To present the Neo-Classical Stravinsky at his most inventive, Ms. Cuckson and Mr. Beck next played the substantive five-movement Duo Concertant from 1932. There is something Mozartean in the clarity and elegance of the music. Still, these performers brought out every bit of the tartly harmonic, multilayered, rhythmically fractured complexity of the piece.

Mr. Beck was impressive during the perpetual-motion Gigue, which he dispatched with crisp articulation and nimble finger-work. They ended the Stravinsky group with an arrangement of the playful Scherzo from “The Firebird.” How can this piece not be an encore favorite?

Photo: Katherine Glicksberg for The New York Times
Miranda Cuckson and Steven Beck performed a chamber concert of Stravinsky, Barber, Fred Lerdahl and Poulenc at Bargemusic.

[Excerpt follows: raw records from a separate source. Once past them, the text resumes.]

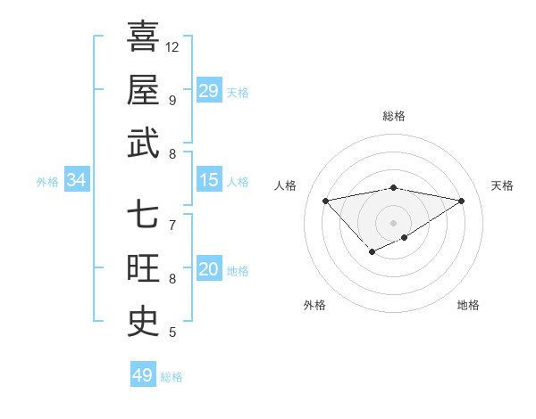 喜屋武 七旺史さんの総格は49画の2点!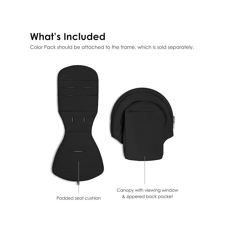 Compuesto por un cojín de asiento y un dosel, el color pack 6+ está diseñado para usarse con el chasis del cochecito Babyzen YOYO+ (se vende por separado) para crear un cochecito ágil y liviano diseñado específicamente para facilitar los desplazamientos y viajes en avión con su hijo.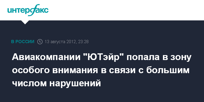Авиакомпании "ЮТэйр" попала в зону особого внимания в связи с большим числом нарушений
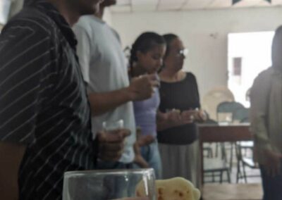 Luego, se tomó la santa cena donde muchos jóvenes recibieron por primera vez el pan y el vino, simbolizando el cuerpo y la sangre de Jesús. Fue un momento emotivo y significativo para todos los presentes. Fue una oportunidad para que los jóvenes se involucraran en la obra de la iglesia y aprendieran sobre la importancia de dar y servir.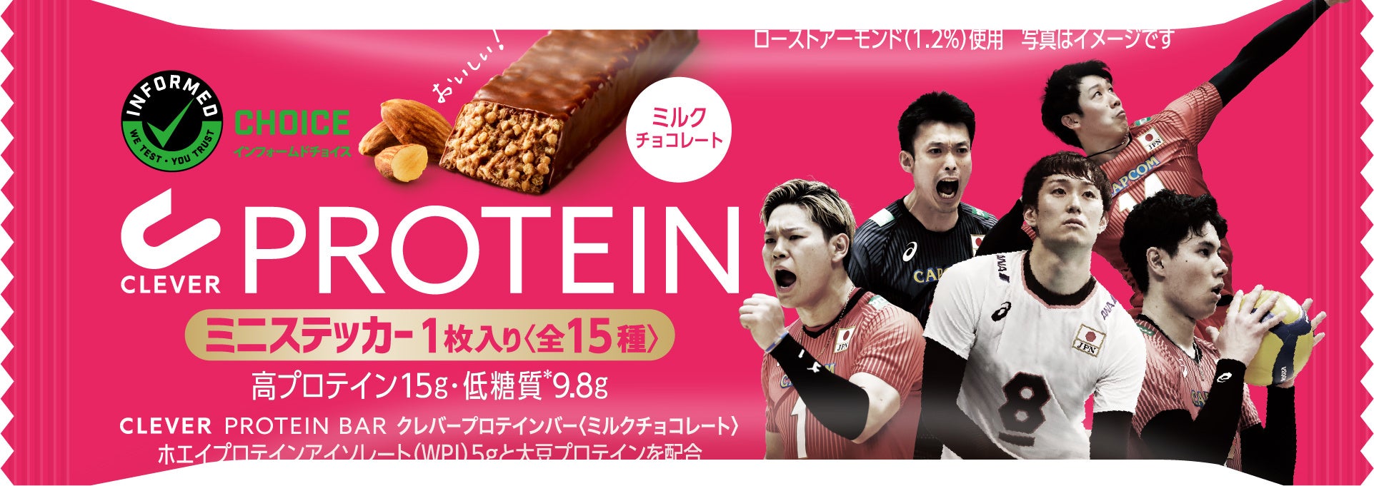 日本代表を支える高品質プロテイン「CLEVER(クレバー)」から『バレーボール男子日本代表 応援プロテインバー』発売!選手のミニステッカー<全15種>入り!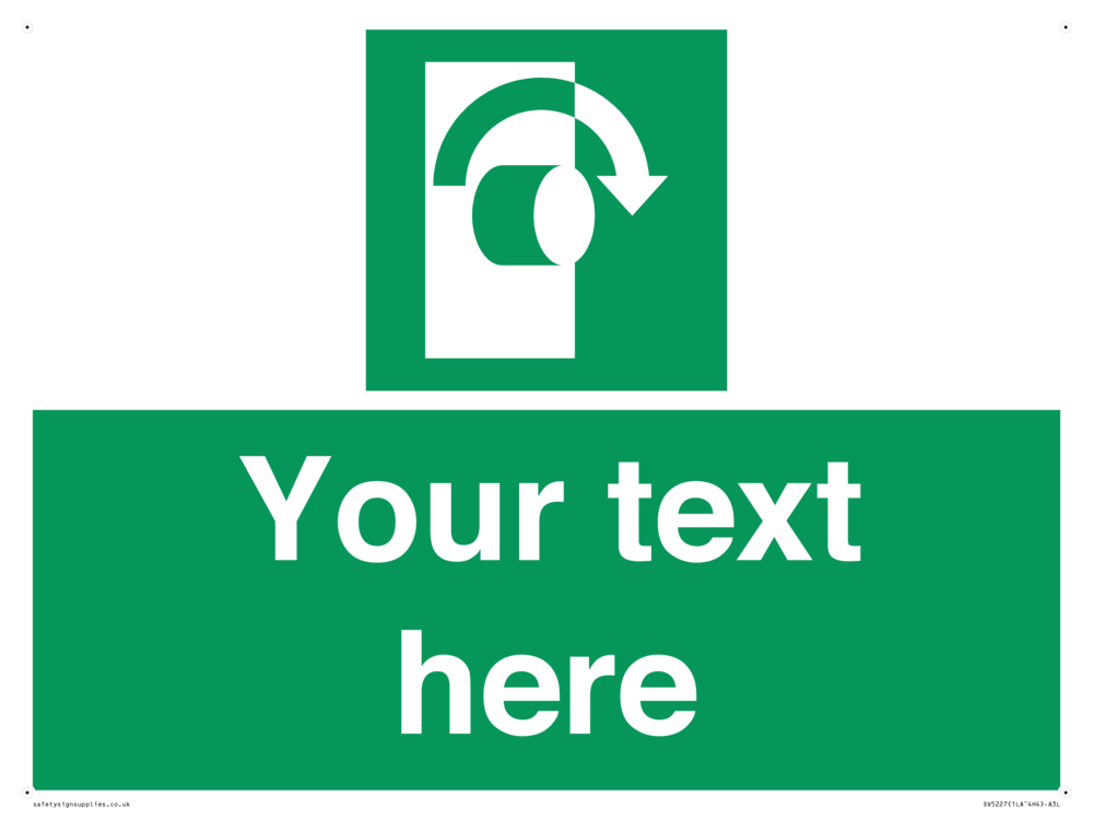 Function: To signify that the doorknob of a security door on an escape route must be turned in a clockwise direction in order for the opening device to operate.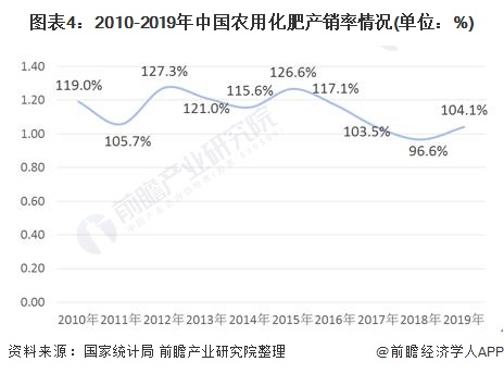 从我国农用化肥产销率来看,2010-2017年整体呈现产能过剩的情况,到2018年稍有缓和,2019年行业产销率又回升至104.1%。主要是在政策层面,基于环保要求对化肥使用受限,而行业企业生产产能不断提升,导致国内化肥呈现产大于销的局面。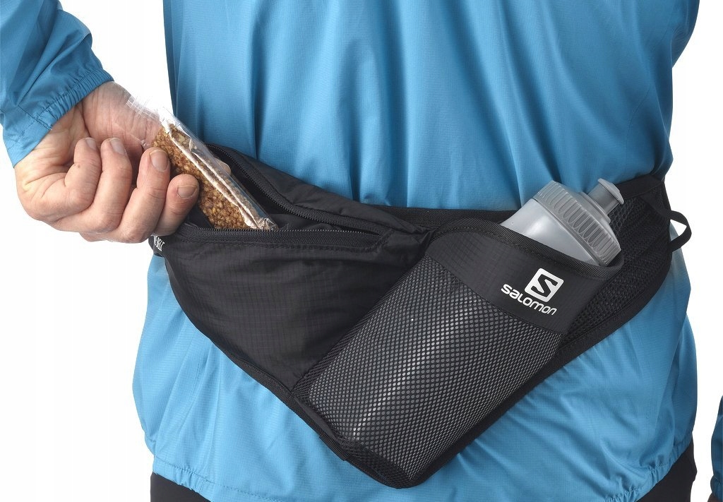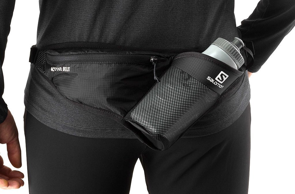SALOMON ACTIVE BELT — беговой ремень на бедрах с пришитым карманом для бутылки с водой. под углом 45 градусов и с дополнительным карманом для мелочей. Обеспечивает комфорт и легкий доступ к содержимому во время умеренно длинных пробежек.
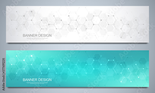 Banner design templates and headers for site with molecular structures background and chemical engineering. Science, medicine and innovation technology concept.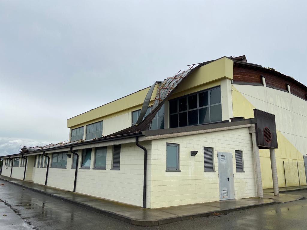 Il violento temporale, con forti raffiche di vento, che ha colpito, questa mattina (18 agosto), varie zone del Nord Italia – e in particolare diversi comuni del Parmense – ha danneggiato la parte rimanente del vecchio tetto del Palazzetto dello Sport di San Polo, una porzione di copertura metallica in attesa di essere rimossa in vista dei lavori di ricostruzione dell’intero tetto e di rifacimento della pavimentazione del Palazzetto a seguito della potente tromba d’aria che colpì la struttura il 26 luglio del 2021.

Just before he turned 18 in 1928, the composer Samuel Barber, then a student at the Curtis Institute of Music in Philadelphia, wrote a Violin Sonata that won a $1,500 prize. The piece was lost, or so we thought. Barbara Heyman, a noted Barber scholar and biographer, explained to the Bargemusic audience that, partly through her diligence, the manuscript to the third and final movement was discovered a few years ago. (The first two movements have still not turned up.) Ms. Cuckson and Mr. Beck gave the New York premiere.

Barber was enthralled with Brahms at the time, Ms. Heyman said, and that infatuation comes through in this impassioned finale, rich with roaming harmonies and thick piano sonorities. There is also refinement, à la Fauré, in the music. Yet the ingenious Barber of the pulsing Piano Sonata makes a trial appearance here as well.

After intermission Ms. Cuckson and Mr. Beck gave an engrossing account of Fred Lerdahl’s Duo for Violin and Piano (2005). Both the near-frenzied first movement and the more pensive second movement of this 15-minute work unfold in a series of episodic gestures, full of spiraling piano flights and cyclic violin riffs. Whenever the violin turns dreamy, in the first movement, the music, led by the piano, bursts into pummeling patterns of punchy, chiseled descending chords.

Ms. Cuckson and Mr. Beck finished with Poulenc’s Violin Sonata (1942-43). Poulenc was enormously influenced by Stravinsky’s Neo-Classical style. Amid the rippling piano runs and fanciful violin writing, this music pulses with rigorous counterpoint and brittle harmonic writing that recall Stravinsky. Yet during this period Poulenc believed that music, like life, should be charming. So touches of a Paris salon gathering and hints of tangos appear.

The audience could not have asked for a finer performance of this demanding piece. Nor for better summer evening weather to enjoy on Brooklyn’s floating concert hall.